The Great When by Alan Moore: Review by Gary K. Wolfe
The Great When, Alan Moore (Bloomsbury 978-1-63557-884-3, $29.99, 336pp, hc) October 2024.
By now there are so many mystical-magical ‘‘hidden London’’ novels that it’s getting hard to keep up – though admittedly there’s something delicious about the notion that in any great city, you’re only being shown what they want you to see, with the real city available only at certain access points for certain chosen adventurers. In his acknowledgments to The Great When, the first volume of a projected five-novel series called Long London, Alan Moore singles out only Michael Moorcock and Iain Sinclair among antecedents, but there’s little doubt that he’s broadly acquainted with the conventions of the form and fully prepared to place his distinctive if at times familiar stamp on it. As an artist named Spare explains to Moore’s young protagonist about Long London (or the Great When), ‘‘that world, it’s realer than the one we’re in. Our world’s just a shadow next to that, up on the wall of Plato’s cave. If this London is what they call the Smoke, that place is the Fire, you follow me? This ’ere is echo, and that there is music.’’ As if to underline this stylistically, Moore’s narrative shifts into an exuberant, all-italic present tense when we’re in his phantasmagorical version of Long London, and the flood of surreal and expressionist imagery is as intimidating to us as it is to his characters.
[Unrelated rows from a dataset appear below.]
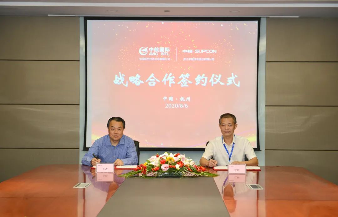 中航國際北京公司董事長龔家炎、總經理花達一行6人,浙江中控技術股份有限公司高級副總裁沈輝及海外銷售中心相關領導,出席戰略合作協議簽約儀式。
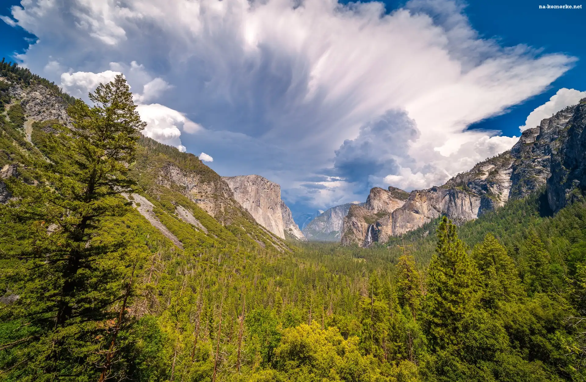 Góry, Niebo, Stany Zjednoczone, Las, Kalifornia, Park Narodowy Yosemite, Drzewa, Chmury, Dolina, Yosemite Valley na Komórkę |
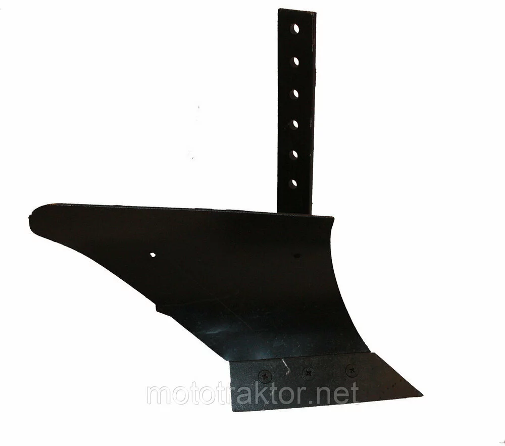 Стойкая плуга имеет размер 10×50×500 мм и оборудована регулировочными отверстиями, которые позволяют адаптировать угол атаки и глубину вспашки под разные условия грунта. Отвал толщиной 3 мм (250×520 мм) эффективно переворачивает пласт земли, а полевая доска (8×40×420 мм) стабилизирует движение плуга, предотвращая его отклонение в сторону.
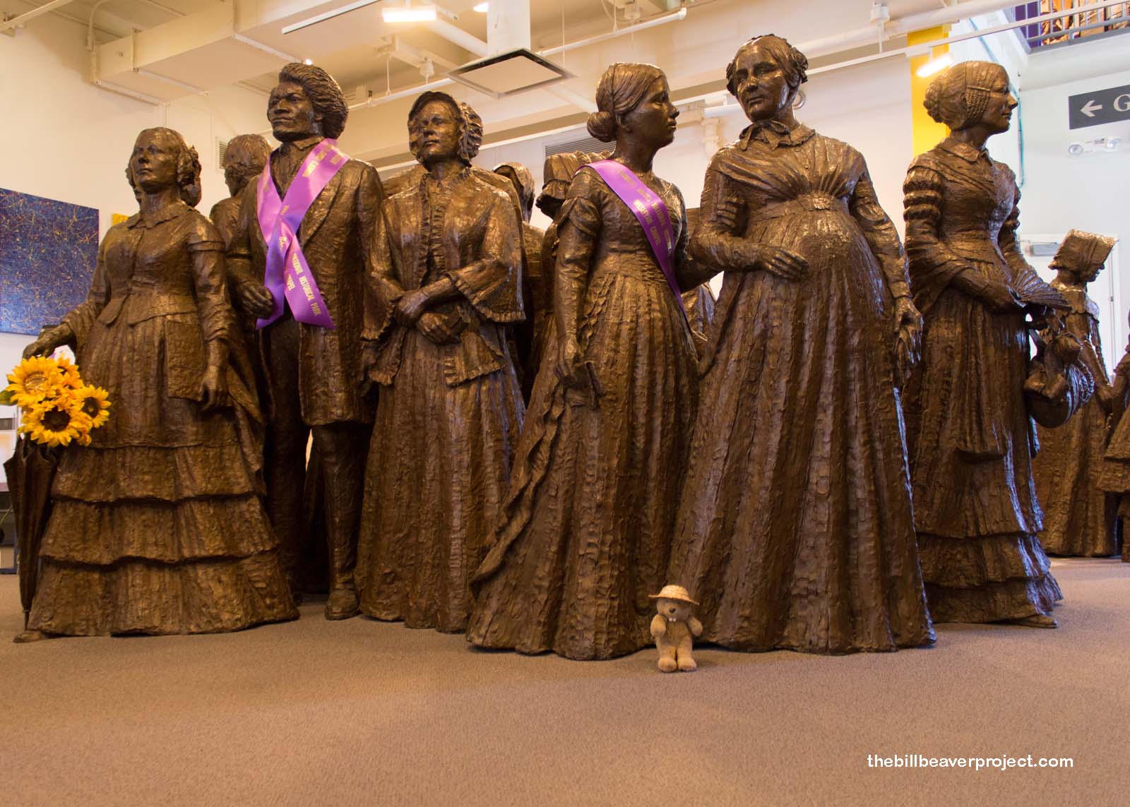 After exploring some of the exterior sights, I headed into the visitor center to learn more. I was greeted at the door by twenty bronze statues of the first attendees at the conference. Not all of the statues in “The First Wave” come with names, but you can spot Mrs. Stanton and Mr. Douglass on the far left and a very pregnant Martha Wright right over my shoulder!
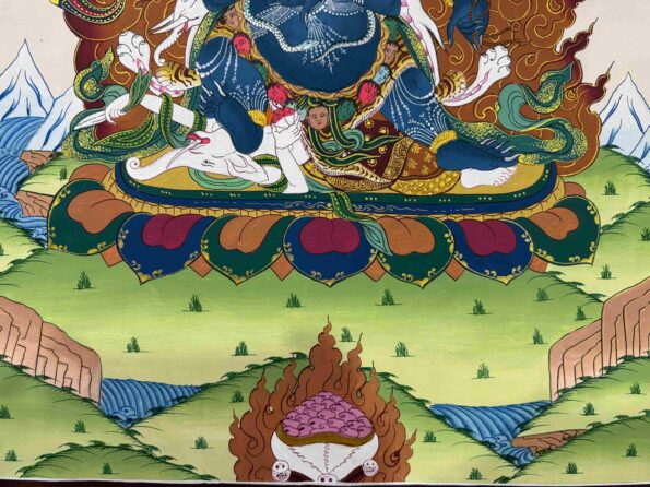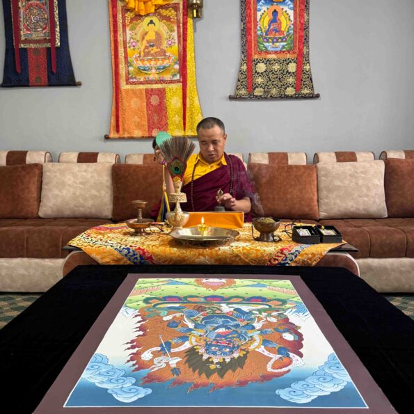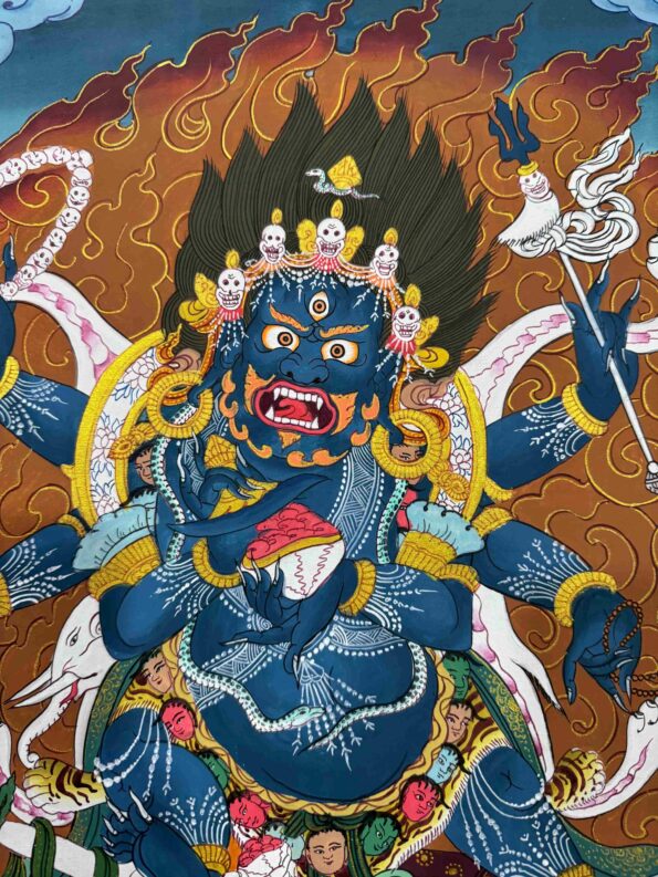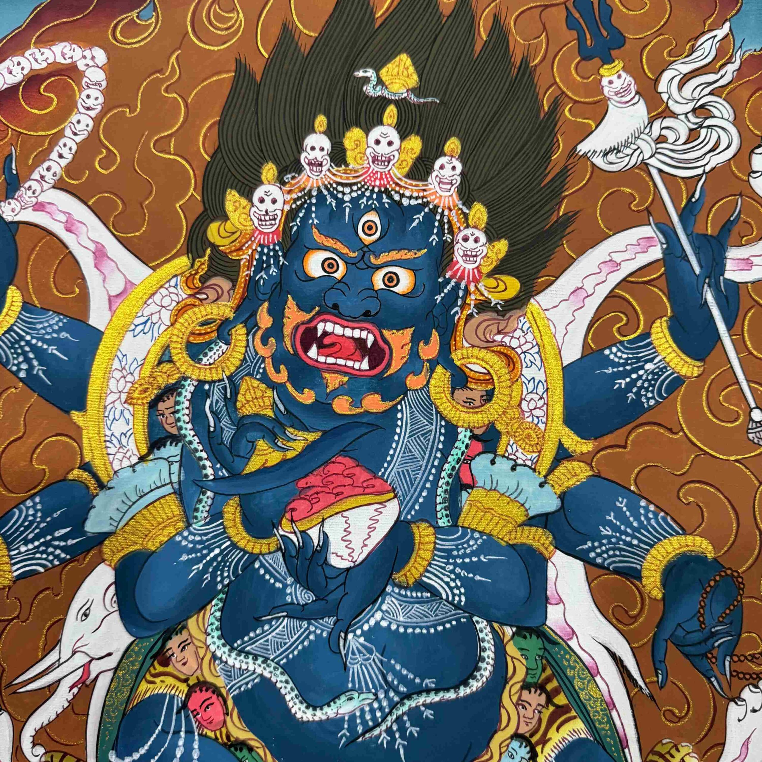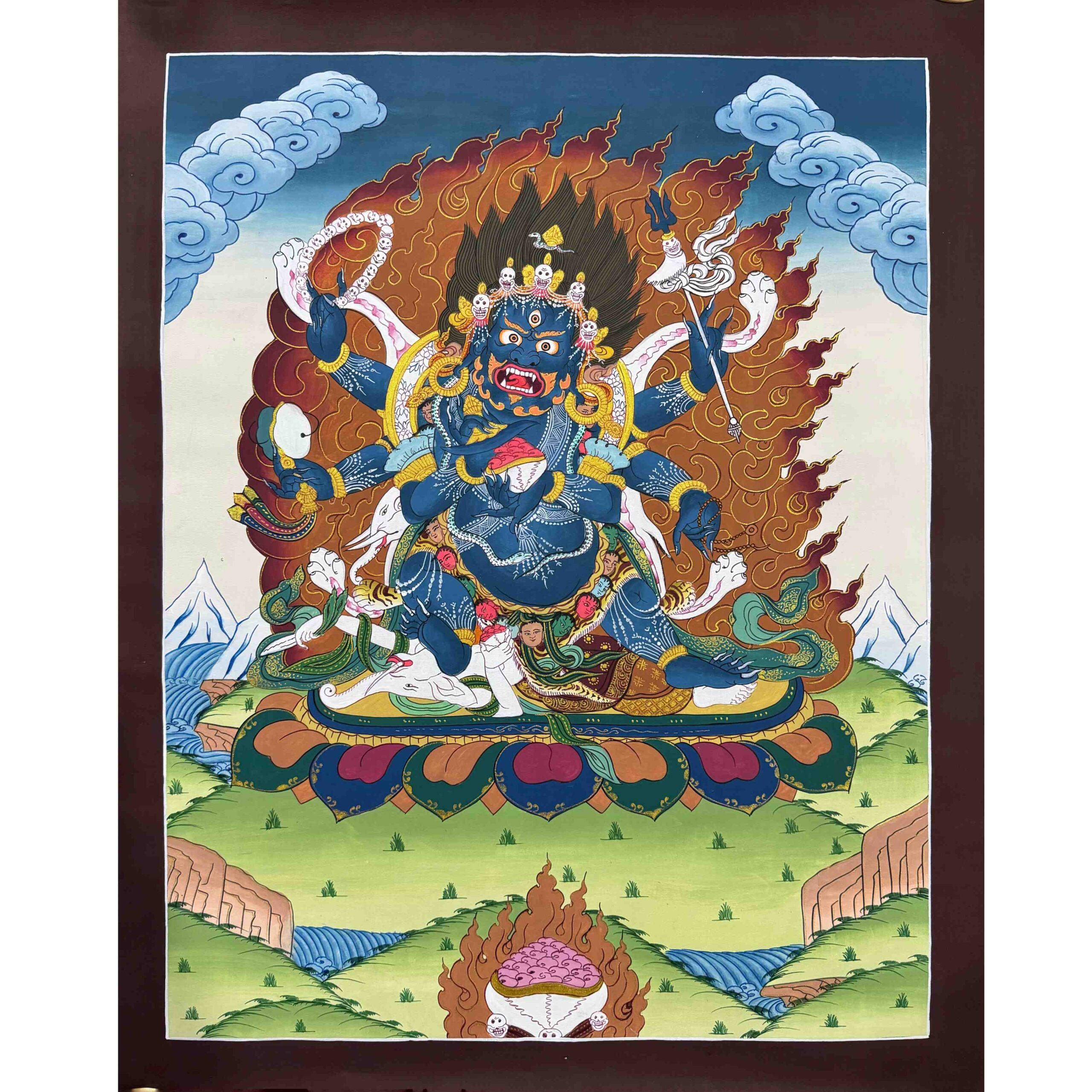 Mahakala Thangka represent the protector of Buddhism Dharma, Mahakala helps to destroy confusion and ignorance and provide wisdom, pacify hindrances and enrich your life. Mahakala is almost always depicted with a crown of five skulls, which represent the transmutation of the five kleshas (negative afflictions) into the five wisdoms. The most notable variation in Mahakala’s manifestations and depictions is in the number of arms, but other details can vary as well. For instance, in some cases there are Mahakalas in white, with multiple heads, without genitals, standing on varying numbers of various things, holding various implements, with alternative adornments, and so on.
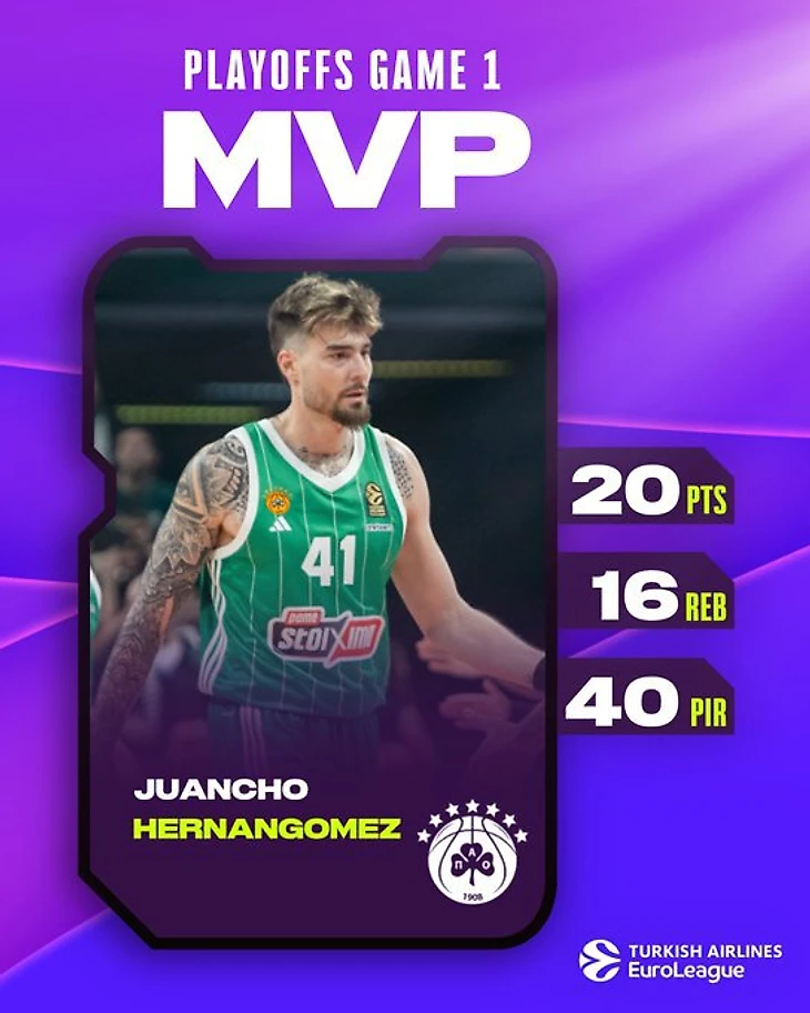 Форвард «Панатинаикоса» Хуан Эрнангомес признан MVP первых игр 1/4 плей-офф Евролиги
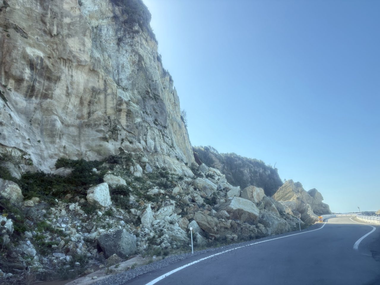 珠洲から輪島に向かう道路は、特に大きなダメージを受けていました。至るところで土砂崩れが発生して片側通行だらけ。海沿いに作られた仮設道路も、いつ崩壊してもおかしくない状況でした。
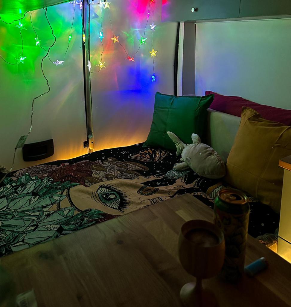 Ho una batteria immensa: senza collegarmi alla colonnina e senza Sole sono stata immobile a Capodanno per quattro giorni prima di rimanere senza energia: riscaldamento sempre acceso, induzione per mangiare, macchinetta del caffè, montalatte per cappuccino, cassa della musica, sono tutte cose che assorbono energia e che ho usato tutti i giorni. Non avrei potuto fare scelta migliore, volendo all’interno si cena in sei! E se ve lo state chiedendo, sì è già successo!
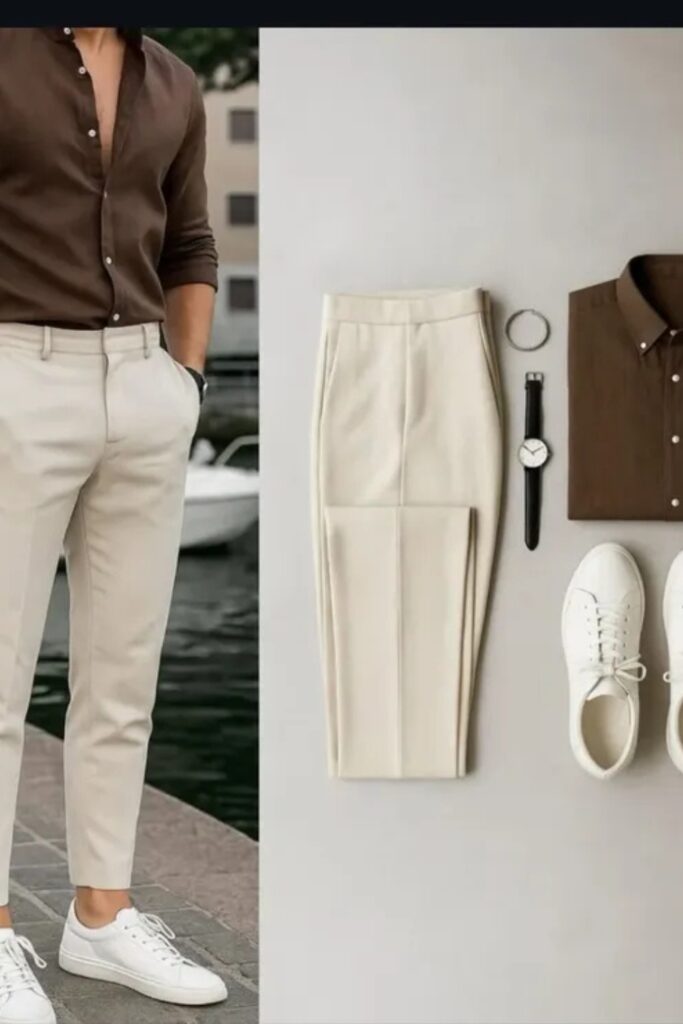 Deep brown shirts give cream pants additional depth, making neutral combinations feel more planned and luxurious for everyday office wear.
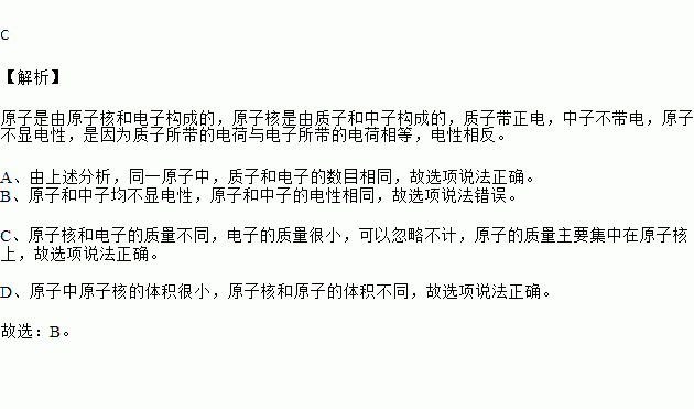 A. 质子和电子的数目相同 B. 原子和中子的电性不同

But as much fun as Moore seems to be having in constructing his Platonic dream inferno, what actually grounds the novel is the more mundane setting of London in 1949, still rebuilding from the Blitz, with fragments of its ancient heritage uncovered by the bombings – as if to remind us there really is a hidden city. The wonderfully named Dennis Knuckleyard, barely 18, works and lives in a run-down bookshop run by the crusty and profane Coffin Ada, easily the book’s most colorful figure, as well as its most unpleasant. When Ada sends Dennis off to purchase a number of Arthur Machen books, he discovers that among them is a book that only existed in a couple of Machen stories, and shouldn’t be in the real world at all. This is his first clue that the other London exists, and Ada insists the book must be returned there lest they all face a gruesome fate. This sets in motion Dennis’s central quest, in which he finds himself pursued by a nasty gangster named Jack Spot, falls in love with the young prostitute Grace, and meets characters both historical, like Machen’s publisher John Galsworthy, and magical, like a terrifying figure called Charming Peter and an unexpected ally named Gog Blincoe, a giant who seems to be a cross between a Hulk and an Ent. Among other secondary figures are Dennis’s endlessly cheerful pal Clive, a handsome and successful lawyer who gets much more interesting later in the novel.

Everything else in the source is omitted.